Usually it is very easy to say how big the engine is in the car just by looking at the numbers on its body. Audi‘s have it written on the back and it is very clear and easy to understand. However, not the German luxury car manufacturer decided to confuse everyone by introducing a completely new designation system. Why? How will it work?
Now it is very easy. 2 litre engine Audi will have 2.0 TFSI or TDI written on the back. That tells you immediately how big the engine is and there are no additional questions. In fact, you don’t even have to know your car that well – these two numbers are universally understood by everyone in repair shops and car parts stores. So why change it?
Audi decided that engine displacement does not tell the full story of the car. In fact, it makes very little difference nowadays and power is more important. And so, the new numbers are going to reflect the power output and not the engine capacity. But it is not as easy as you may think. If a car produces 81 kW it is not going to say “81” on the back – instead, there will be a number 30. 30 is going to represent power outputs of 81-96 kW, 45 badge will be glued on all cars making 169- 185 kW of power and so on. The most powerful Audi vehicles are going to have a number 70, indicating that the powertrain is pushing more than 400 kW. This change is coming because of alternative powertrains gaining a bigger share of the market.
Electric vehicles don’t have engine displacement figures, so how people should identify their power just by looking at them? And how relevant engine capacity is when we’re talking about hybrid vehicles? These are all questions that pushed Audi to make this decision. Dr.
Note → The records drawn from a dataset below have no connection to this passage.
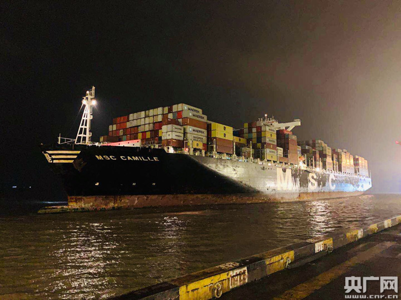 載運(yùn)進(jìn)博會(huì)展品龍門機(jī)床的巴拿馬籍“地中海卡米爾”輪靠泊洋山港三期碼頭。(央廣網(wǎng)發(fā) 楊大勇攝)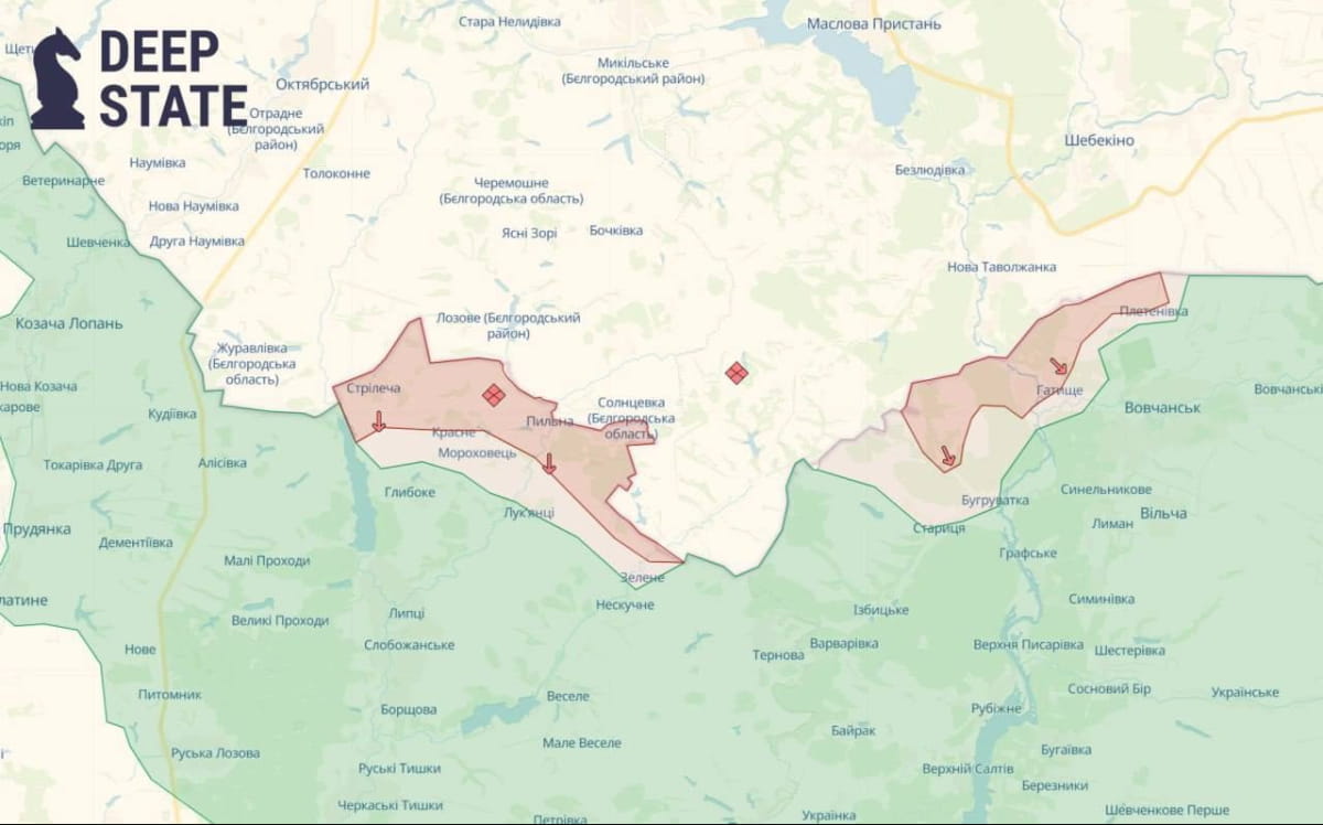 Водночас аналітики проєкту DeepState повідомляють, що ворог мав успіхи на деяких ділянках Харківщини. Зокрема повідомляють, що противник окупував Стрілечу, Пильну, Красне, Борисівку, Огірцеве та Плетенівку.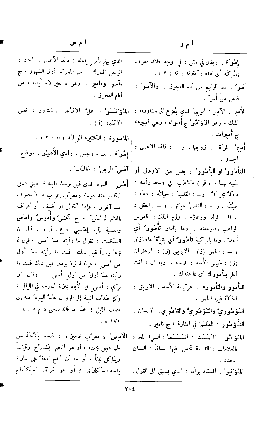التأمور أو اليأمور: جنس من الاوعال أو شبيه بها، له قرن متشعب في وسط رأسه: دابة بحرية. و-: القلب: حياته: دمه: حبته. و-: النفس: حياتها. و-: العقل: الماء: الولد ووعاؤه: وزير الملك: ناموس الراهب وصومعته. وما بالدار تأمور أي أحد. وما بالركية تأمور أي بقية ماء (ز). و-: الخمر (ز): الابريق (ز): الزعفران (ز): خيس الأسد: الوعاء. ويقال: انت أعلم بتأمورك أي بما عندك.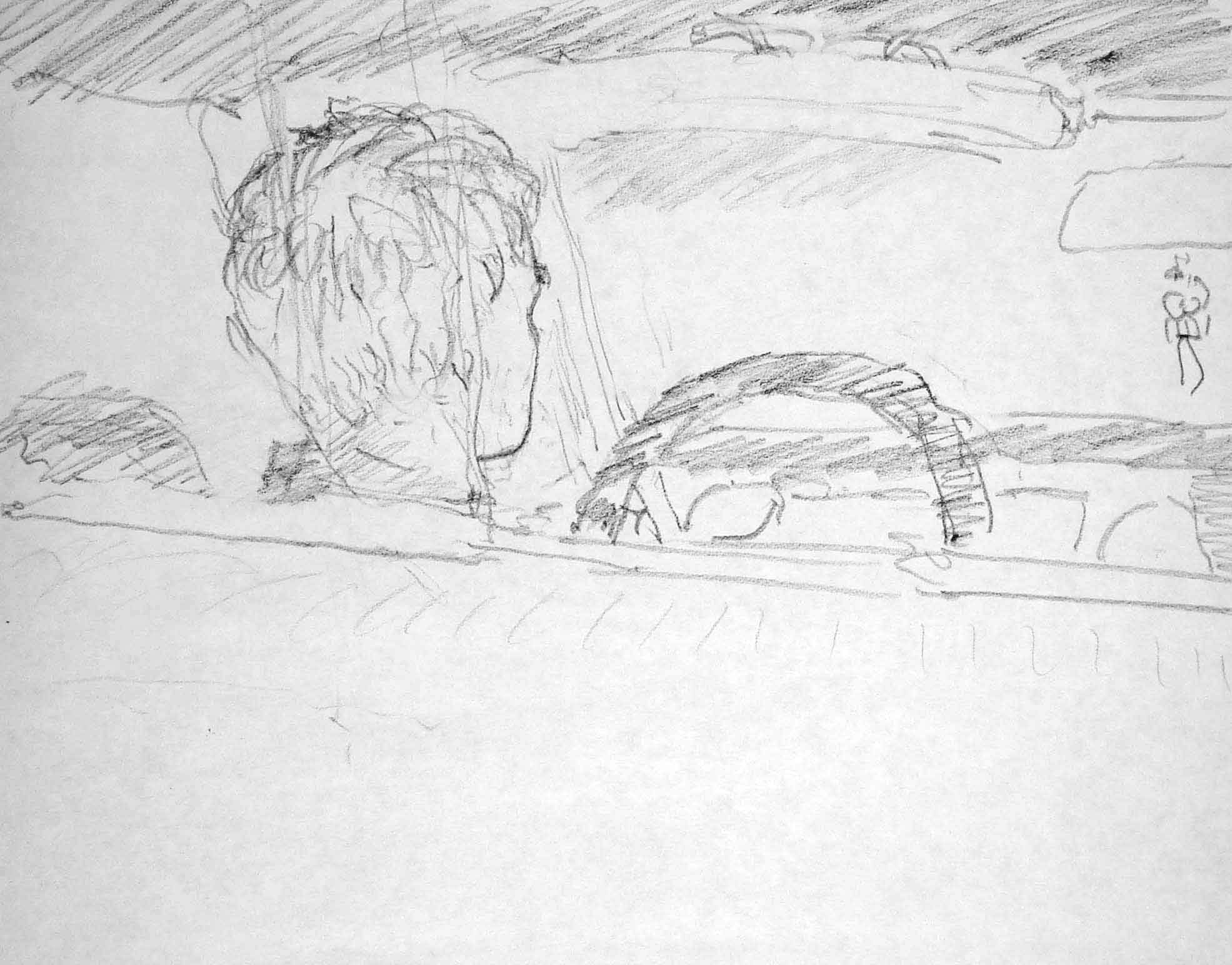 done from life. Tom was working on a farm scene for his friend David Burggerman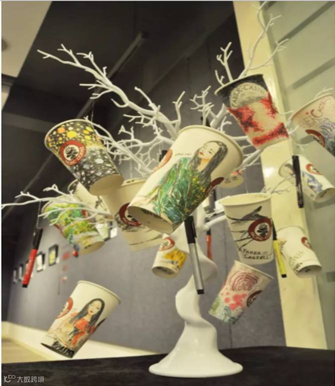 正在聯合書店北京路店五樓展出的展覽「印象廣州」——馬克筆插畫展,當中就有一棵有幾位藝術家在咖啡紙杯上創作一起完成的藝術小裝置。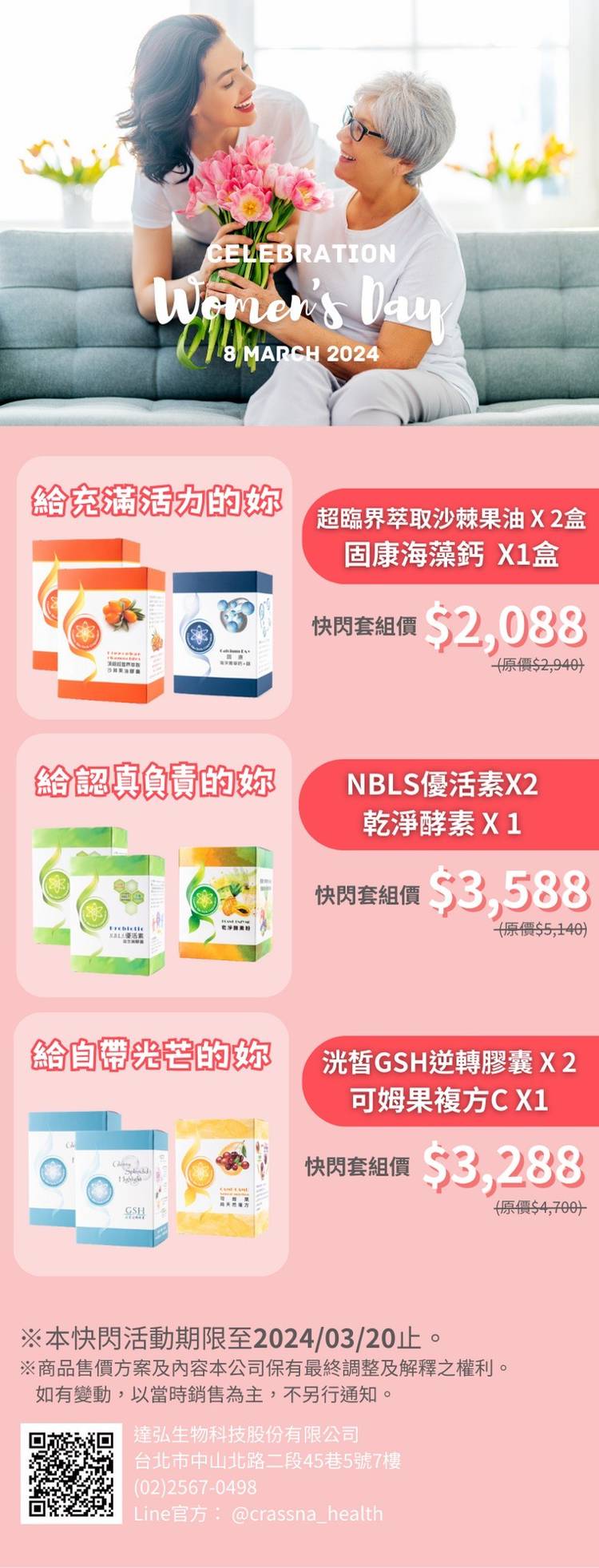 2024年寵愛女神節優惠開跑囉! 即日起至2024/03/20,超划算的優惠套組獻給值得好好被呵護的妳! 快到官方網站看看吧! #女神節快樂 #CrassnaBiotech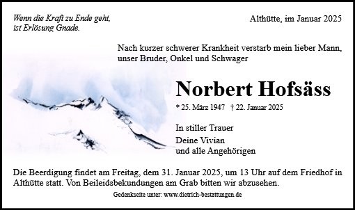 Ich hsbe erst jetzt entdeckt dss Norbert verstorben ist. Es tut mir so leid für dich. Wir teilten viele schöne Erinnerungen in den fast 50 vergangenen Jahren.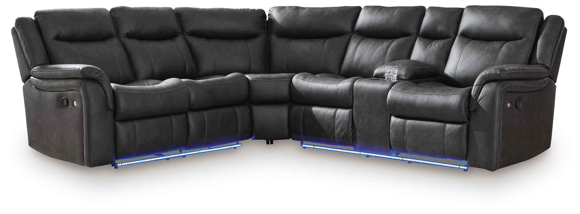 This reclining sectional pairs the luxe look of faux leather with must-have functional features. LED lights on the underside put a modern twist on the simply chic design—choose from three colors to add ambiance to movie night or gaming with friends. And you can keep remotes, drinks and other entertainment essentials close with the handy console. Ready to relax? Easy pull tab reclining has you stretched out in no time.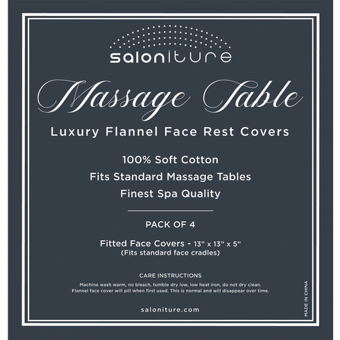 Give your clients a massage to remember every time you use our premium Saloniture flannel face cradle covers. The luxurious 100% cotton, double-brushed flannel sets the stage for ultimate relaxation to provide a perfect experience for your client. Sized to fit most standard crescent shaped massage table face cradles, these covers measure 13” x 13” x 5”. They slip on easily and stay in place with elastic edging and fit snugly around the inside and outside of the face pillows.Natural fiber covers are pre-shrunk, non-pilling, with reinforced seams in premium weight cotton flannel. Hypo-Allergenic and machine washable and dryable for easy care. Package includes four reusable premium flannel face cradle covers. Available in a wide variety of colors to match all Saloniture massage linens.Saloniture designs reliable massage equipment and accessories, trusted for use in professional settings including spas, salons, and clinics.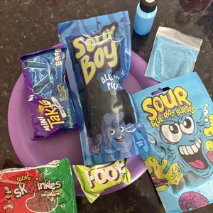 Ā·Takis Blue Heat ā A crunchy, spicy snack that perfectly contrasts the sweetness of the blue raspberry flavors.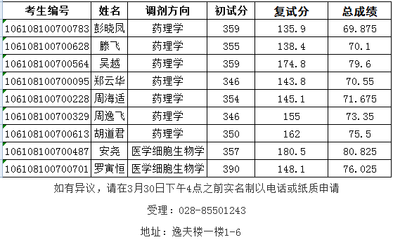 如有异议,请在3月22日下午5点之前实名制以电话或纸质申请 受理:028-85501305 地址:逸夫楼一楼1-3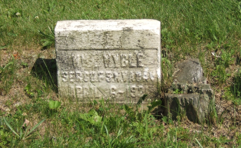Additional background information reveals that Wyble was born November 22, 1841 in Etna to Rudolph Weible and Elizabeth Fannings, both of Switzerland. At the beginning of the Civil War, he enlisted in Pittsburgh with a regiment that was intended for service for the state of Pennsylvania, but the Pennsylvania quota was full, and the regiment became instead the 2nd West Virginia Infantry. They were mustered into service at Wheeling on June 24, 1861. The regiment took part in battles on the summits of the Allegheny Mountains in Virginia, and were at the second Bull Run. The men were eventually mounted and the regiment was re-designated the 5th West Virginia Cavalry. William was promoted to Sergeant and mustered out with the regiment on November 28, 1864. He married his wife Catherine after the war. They lived in Etna and raised at least 4 children while William worked in a rolling mill. He died at age 80 years 5 months and 15 days in Etna at #25 Vilsack Street. He died of arterio-sclerosis and hepatic cirrhosis. Buried on April 9th by Jacob Miller of Etna. The entire listing of people in the lot is spelled Weibel in the Lot Book. The lot is owned by John and William Weibel.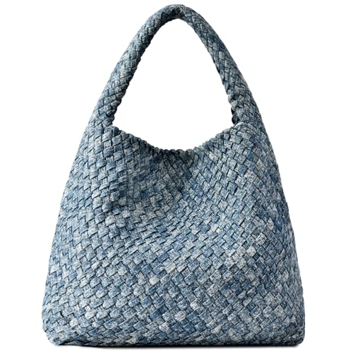 GASSDA Sac à main tissé en cuir végétalien tissé pour femme, sac fourre-tout tissé, sac à bandoulière avec poignée sur le dessus, bleu, X-Large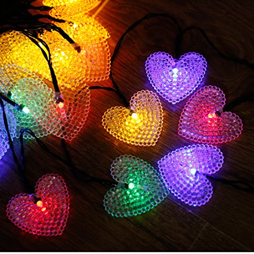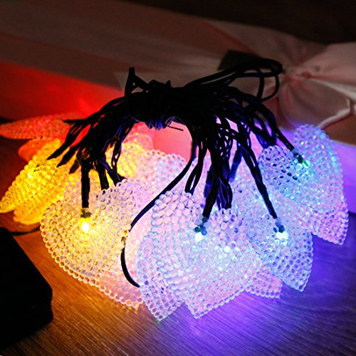 A-szcxtop ソーラーストリングライト ハート形 LEDライト イルミネーション クリスマス パーティー 防水 省エネ 環境に優しい カラフル 30LED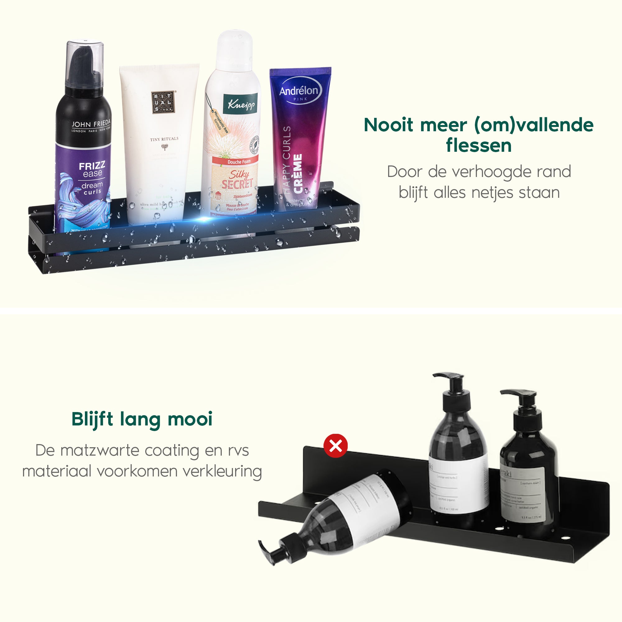 Klaar voor een opgeruimde, stijlvolle douche? Bestel het matzwarte doucherek vandaag nog en ervaar het verschil!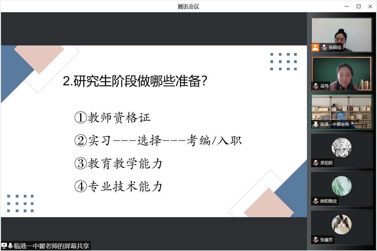 在朋辈分享环节,临港一中语文教师瞿重律从中小学语文教师的选择、如何在研究生阶段做好语文教师就业准备、中学语文教师的基本素养三个层面展开分享,让与会同学对中小学教师行业有了更加深刻的了解和体悟。针对前期收集到的问卷结果与线上提问情况,与会老师就同学们关心就业、实习等问题作了详尽的解答与反馈。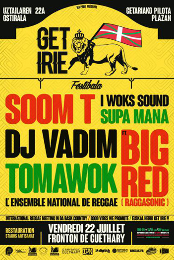 GETARIA, LAPURDI: Uztailaren 22an,ostirala, GET IRIE festibala antolatu du Iparraldeko PROD. – IPK taldeak; etahonako musika taldeen lanaz gozatzeko aukera izango duzu frontoian, 18:00etatikaurrera: NAÂMAN & FATBABS, MASSY THE CREATOR, TRIPLE, PAPA STYLE, DIYSOUND, ROOTS ZOMBIE, KULTO KULTIBO, BIDADA SOUND.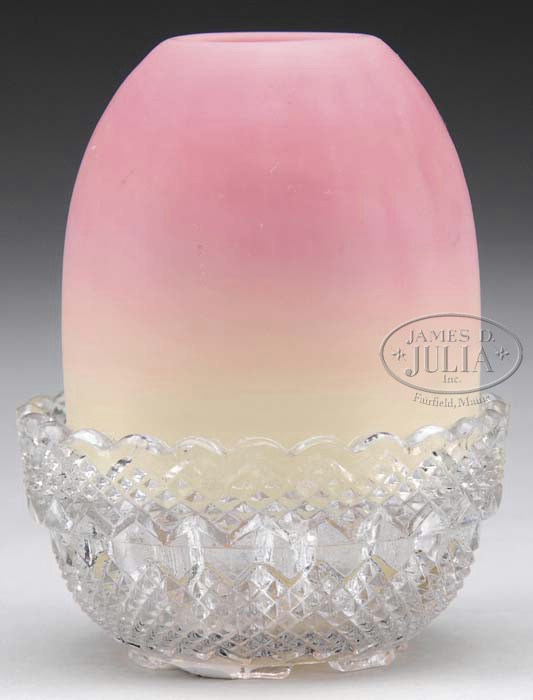 BURMESE FAIRY LAMP. Ruf Fig 19. Acid Burmese pyramid-size dome in a signed, pressed-glass crystal lamp cup. Marked, “S. Clarkes Fairy Pyramid”. SIZE: 3-5/8”. CONDITION: Very good. 5-62574 (150-250)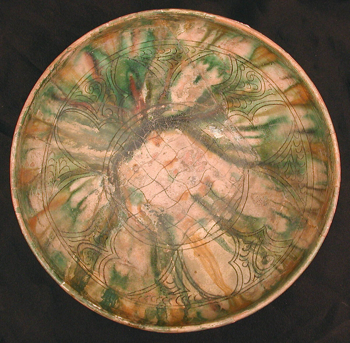 - Medium: Earthenware; white slip, incised and splashed with polychrome glazes under transparent glaze (sgraffito ware)

Dietmar Voggenreiter, Board of Management Member for Sales and Marketing at Audi, said: “As alternative drive technologies become increasingly relevant, engine displacement as a performance attribute is becoming less important to our customers. The clarity and logic of structuring the designations according to power output makes it possible to distinguish between the various performance levels”.
So the goal is to have a unified system. However, S and RS variants are going to retain the traditional designation system. This is all very complicated and weird, but Audi is going to stick with its decision, so drivers are going to have to adapt and look at powertrains a little bit differently.
The first car to kick off the new system is going to be the new A8. Large executive saloon with 3 litre V6 engine is not going to be marked 3.0 TDI. Instead, we will see it called Audi A8 50 TDI if the engine is diesel and A8 55 TFSI if petrol. Looks unnecessarily confusing, but maybe Audi is seeing something we don’t.